Graduating from college feels a little like crossing the finish line of a very long race but in reality, it’s just the beginning. Going from the classroom the working world is a major transition that brings new responsibilities, including obligations to Uncle Sam. If you’re just starting out in your first job, seeing how much of your money goes to taxes each payday can be a real shocker. To help you hang on to more of your cash, take a look at these helpful tax tips for new grads.
1. Claiming Your Exemption
While you’re still in school, there’s a good chance that your parents claimed you as an exemption on their taxes to score tax break. For 2014, each exemption you claim reduces your taxable income by $3,950. One of the most important things you need to figure out is whether you’re able to claim a personal exemption for your own benefit.
The IRS guidelines on exemptions are pretty clear-cut for students. If you’re under 24 at the end of the year, you were a full-time student for at least five months of the year and your parents provided more than half your support they’re entitled to claim your exemption. If you’re under 24 and provide most of your own support or older than 24, then congratulations, you can take the exemption for yourself.
2. Pay Attention to Your Withholding
Starting a new job usually entails filling out a mountain of paperwork, including a W-4. The W-4 tells your employer how much taxes to withhold from your pay. Generally, you’ll claim zero withholdings unless you’re newly married or have a child. You can also opt to have additional money taken out beyond your regular exemption limit. Keeping an eye on your pay stubs can tell you how much you’re paying in taxes throughout the year so you can gauge whether you’re withholding too much or not enough.
3. Take Advantage of Tax-Deferred Savings
If your employer offers a tax-advantaged retirement account, such as a 401(k) or 403(b), not contributing is one of the biggest mistakes you can make. Using pretax dollars to fund your account reduces your taxable income and you can build your savings that much faster if your employer offers a matching contribution. You won’t have to pay any taxes on the money until you start making qualified withdrawals and if you end up changing jobs, you can roll it over to another eligible retirement account without a penalty.

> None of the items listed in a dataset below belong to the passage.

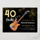 Feuille de parties scintillant or 40 Rocks rock and roll or parties scintillant 40e anniversaire invitations à la fête avec une guitare électrique cool avec motif coloré funky et orange flamme rampante garde-piqûre art et notes musicales illustration avec typographie de calligraphie moderne noir et or personnalisée. Ce modèle facile d'utilisation crée l'invitation personnalisée parfaite à la quarantième fête pour célébrer quarante dans le style rock n roll et est idéal pour un guitariste, musicien et mélomane amoureux. Instrument de musique moderne unique Oeuvre originale de l'artiste Catherine Sweetman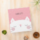 Pink binder with a white cat with a pink nose and cute pink freckles against a pink background with white dots. Add your child's name!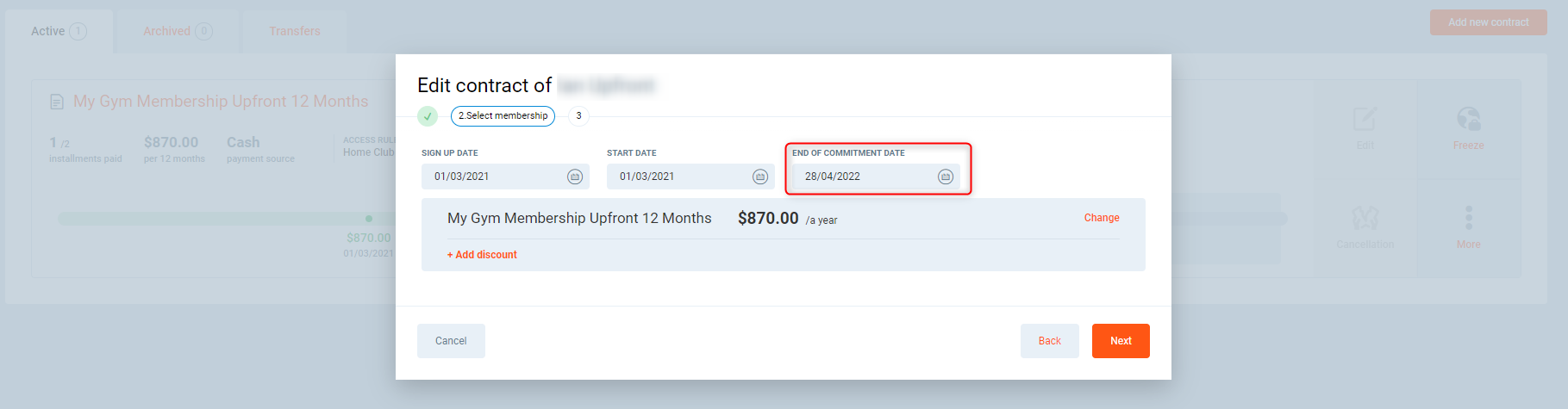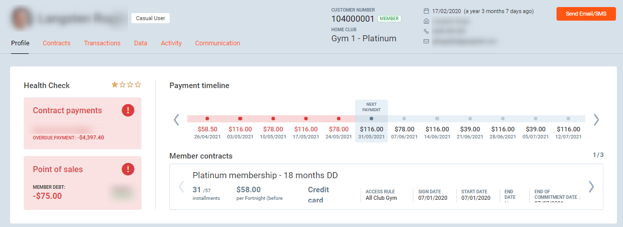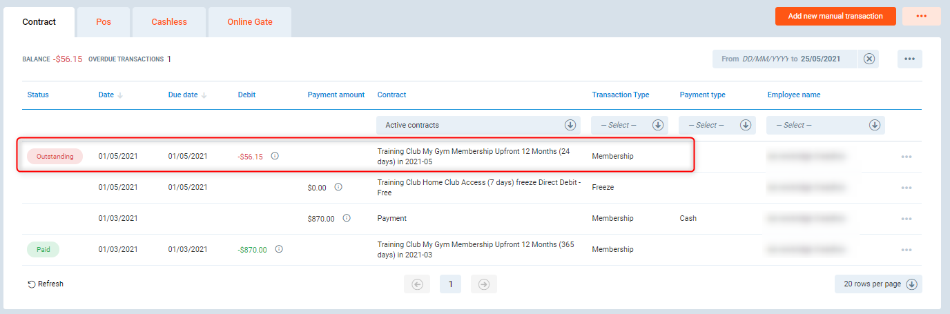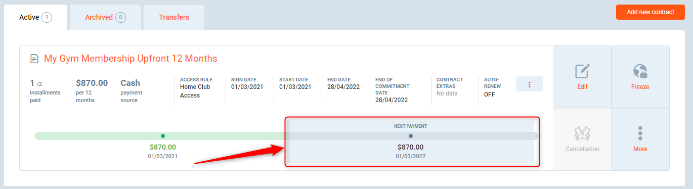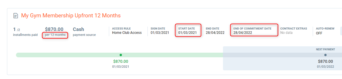 In this example, the club member has an upfront/paid in full contract where the first payment is done on sign up date and no additional payments are needed.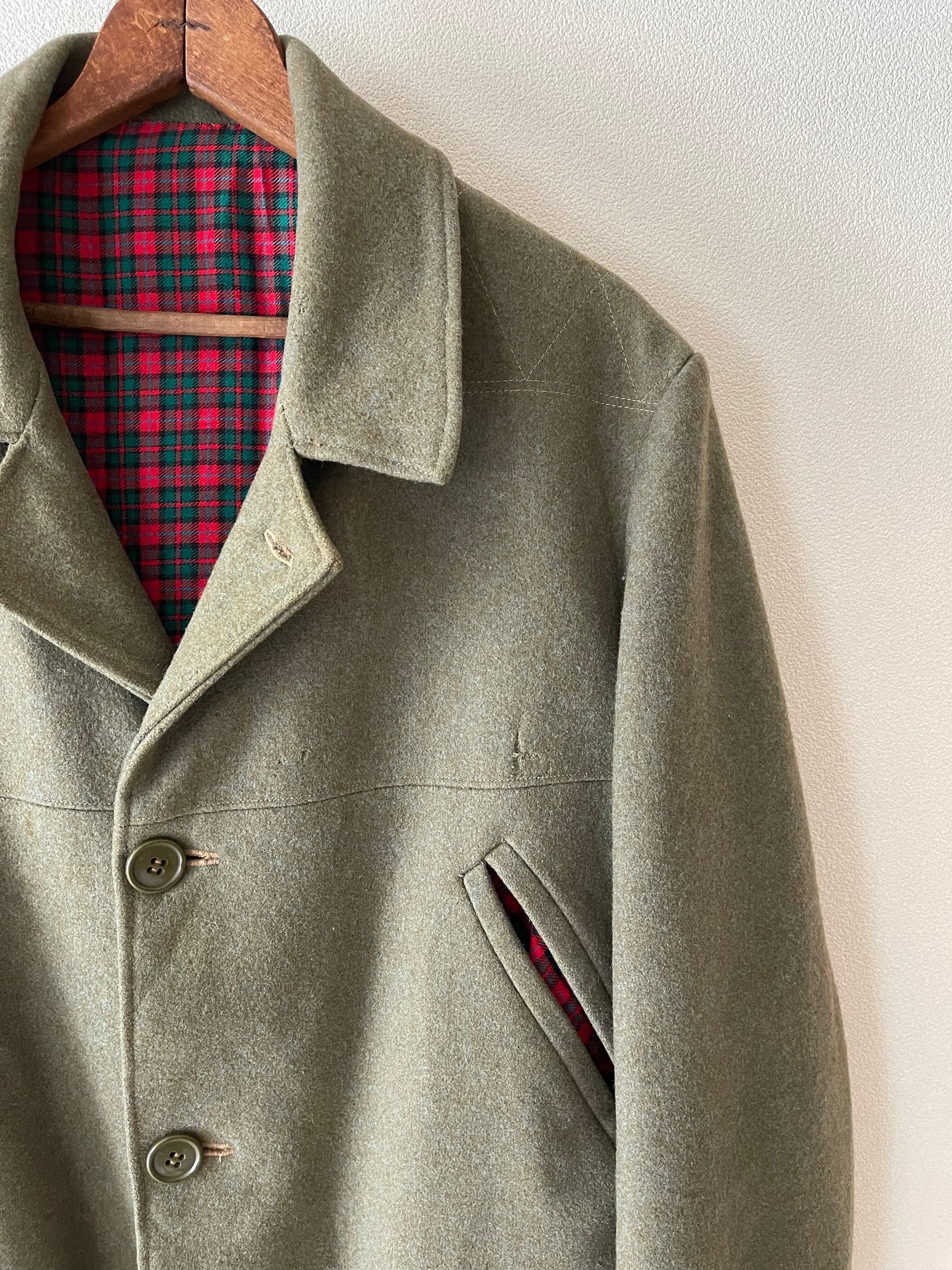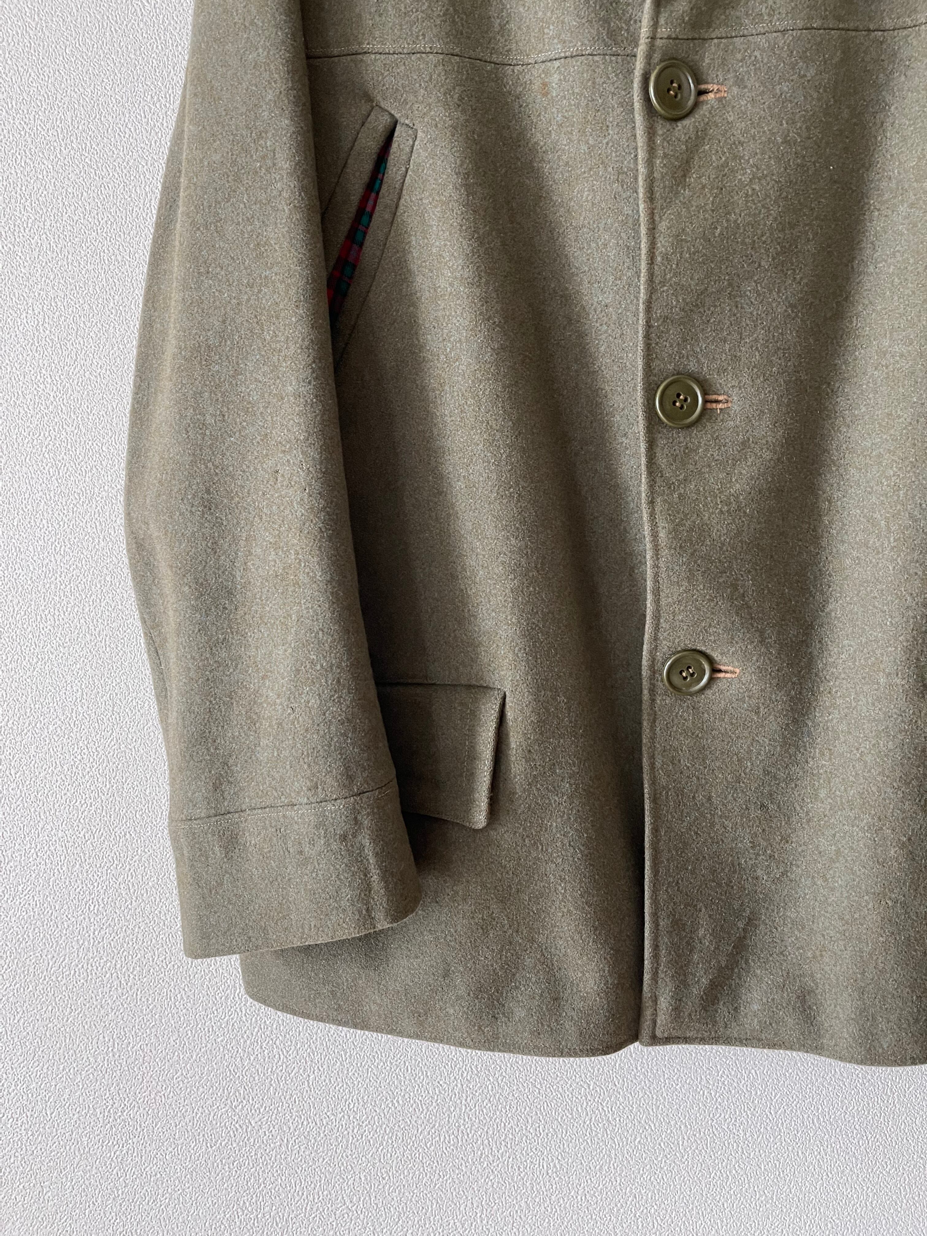 ローデンウールのような目の詰まった生地。形の良いラペル、フロント上部にはハンドウォーマーポケット、もちろんバックにはゲームポケット付き。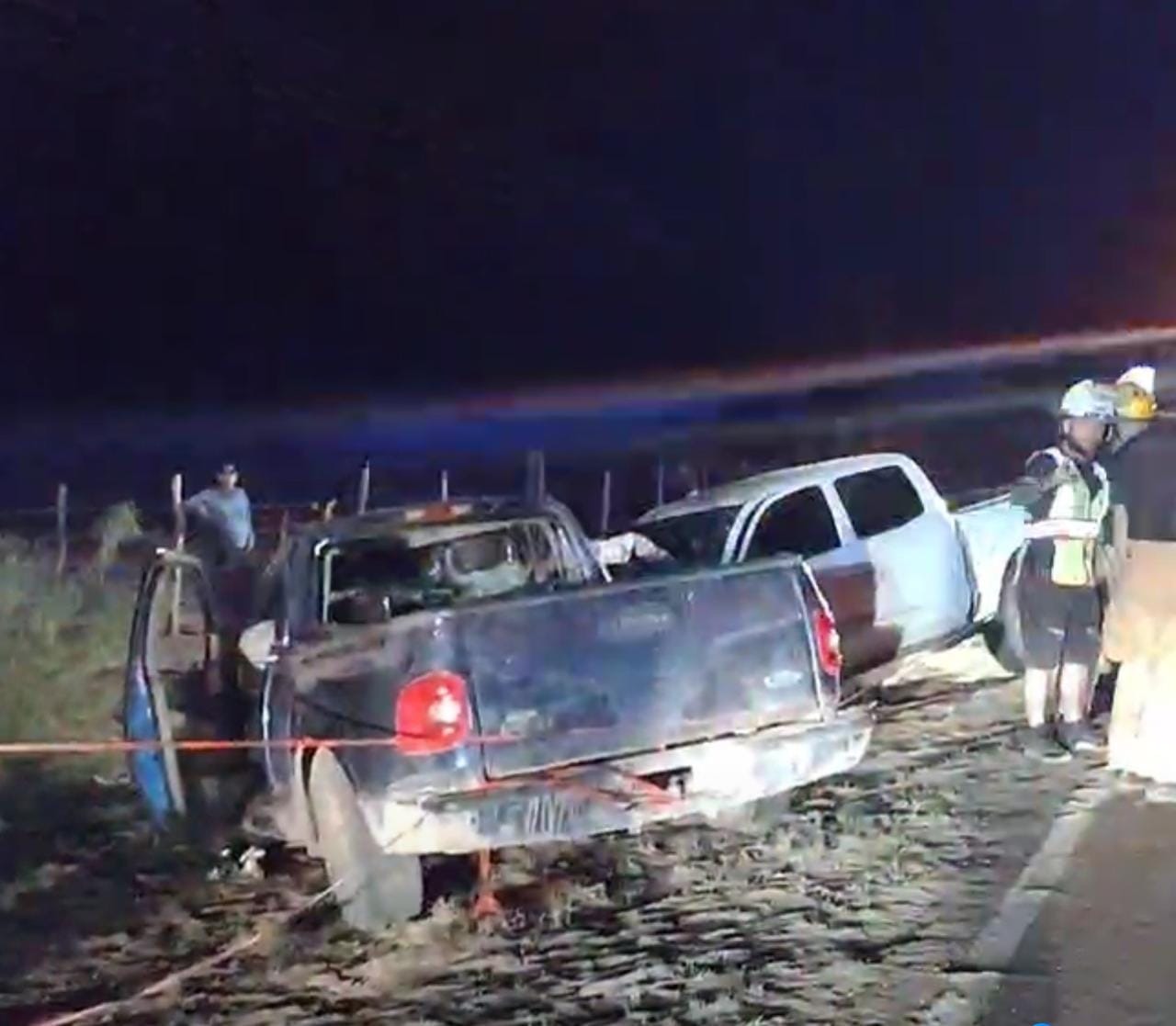 Dos camionetas Pick Up, una de ellas Ford F150 en color azul y otra en color blanco chocaron de frente anoche, aproximadamente a las 22:30 horas en la carretera que va a Sección Hidalgo, dando como resultado una persona fallecida y 6 mas lesionadas, siendo trasladadas por paramédico de la Cruz Roja a diversos hospitales de Nuevo Casas Grandes para recibir atención médica. Desafortunadamente en la camioneta azul, en el lugar del copiloto quedó el cuerpo sin vida de un joven, de 23 años de edad identificado como Joel G.Z. Al lugar acudieron elementos de Bomberos, Protección Civil y Paramédicos de Cruz Roja, así como elementos de la Policía Estatal, quienes se hicieron cargo de realizar las maniobras correspondientes y esperar la llegada de la AEI, para hacer el levantamiento del cuerpo y realizar las periciales necesarias y deslindar responsabilidades.
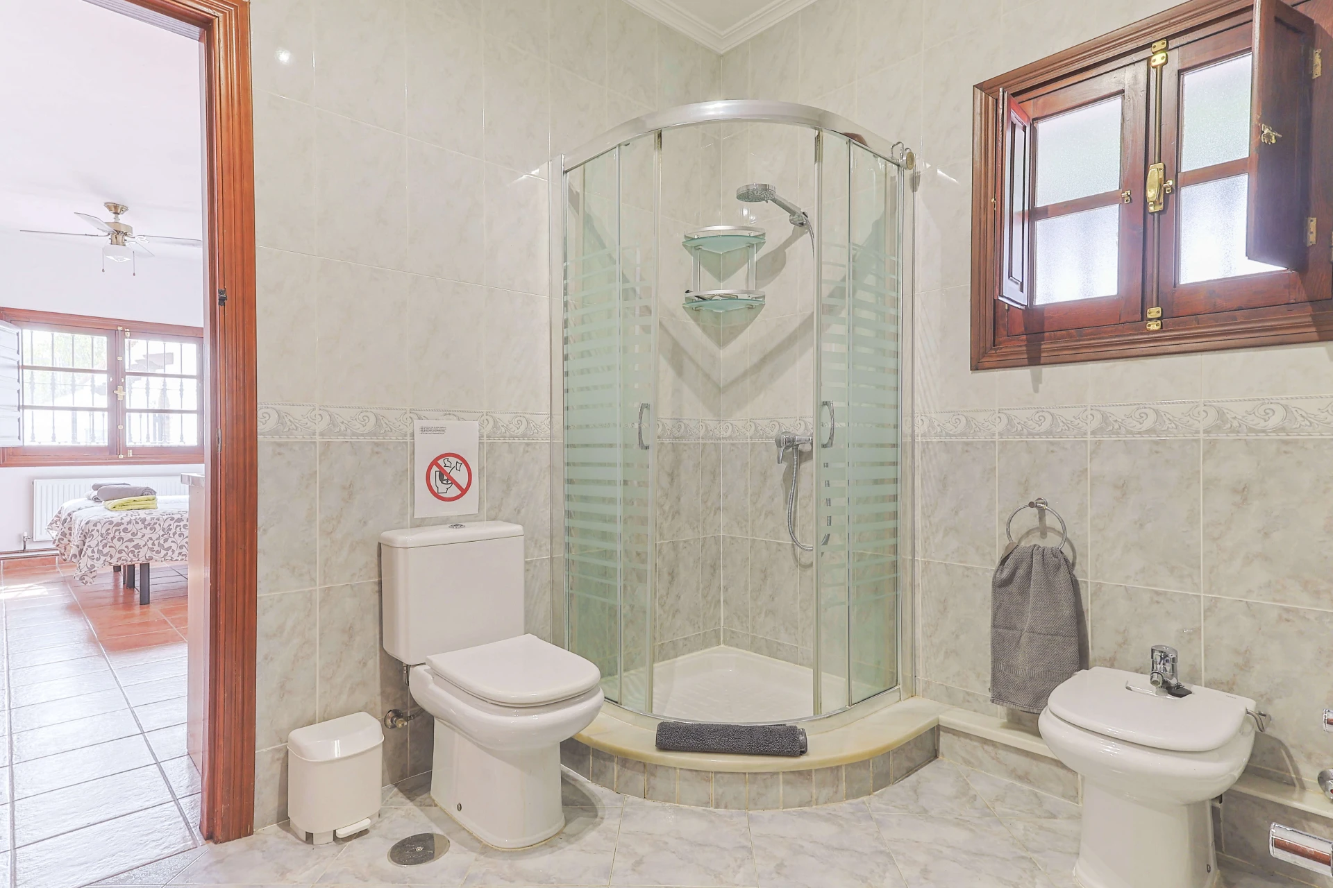 Das Ferienhaus ist ebenerdig und somit leicht zugänglich für Menschen mit eingeschränkter Mobilität. Drei Schlafzimmer befinden sich im Hauptgebäude, und ein viertes Schlafzimmer ist im Nebengebäude in der Nähe des Pools. Bitte beachten Sie, dass die maximale Belegung des Hauses 6 Erwachsene und 2 Kinder beträgt.

4. Keep Track of Deductible Expenses
Deductions directly reduce your taxable income and the more you’re able to claim, the bigger the impact on your bottom line. If you took out student loans to pay for your education, you can deduct the interest you paid for the year, up to $2,500. If you moved to pursue a job opportunity, part of your moving may also be eligible for a write-off. Job search expenses are also deductible if you end up leaving your first job for another position in the same field.
Mortgage interest is deductible if you bought a home and you may be able to score a tax break if you contributed to a traditional IRA. If you’re planning to test your entrepreneurial skills, you’ll want to keep records of all your business expenses since these are usually eligible for a deduction. Just remember that you’re required to itemize in order to write off certain expenses so you may be better off claiming the standard deduction.
5. Get the Credit You Deserve
Tax credits work a little differently than deductions. Instead of lowering your income they offset your actual tax liability. If you paid for some or all of your college costs during the year, you may be eligible to claim the American Opportunity Credit. For 2014, the credit is good for up to $2,500 towards qualified education expenses such as tuition, books, and fees. Keep in mind that you can’t claim the credit if your parents still count you as a dependent for tax purposes or if your modified adjusted gross income for the year exceeds $90,000.
Setting out on your own after college is exciting but it can quickly become overwhelming if you’re struggling to get a handle on your finances. Using our guide as a starting point, you can develop a smart tax planning strategy so you’re not caught off-guard when it’s time to file.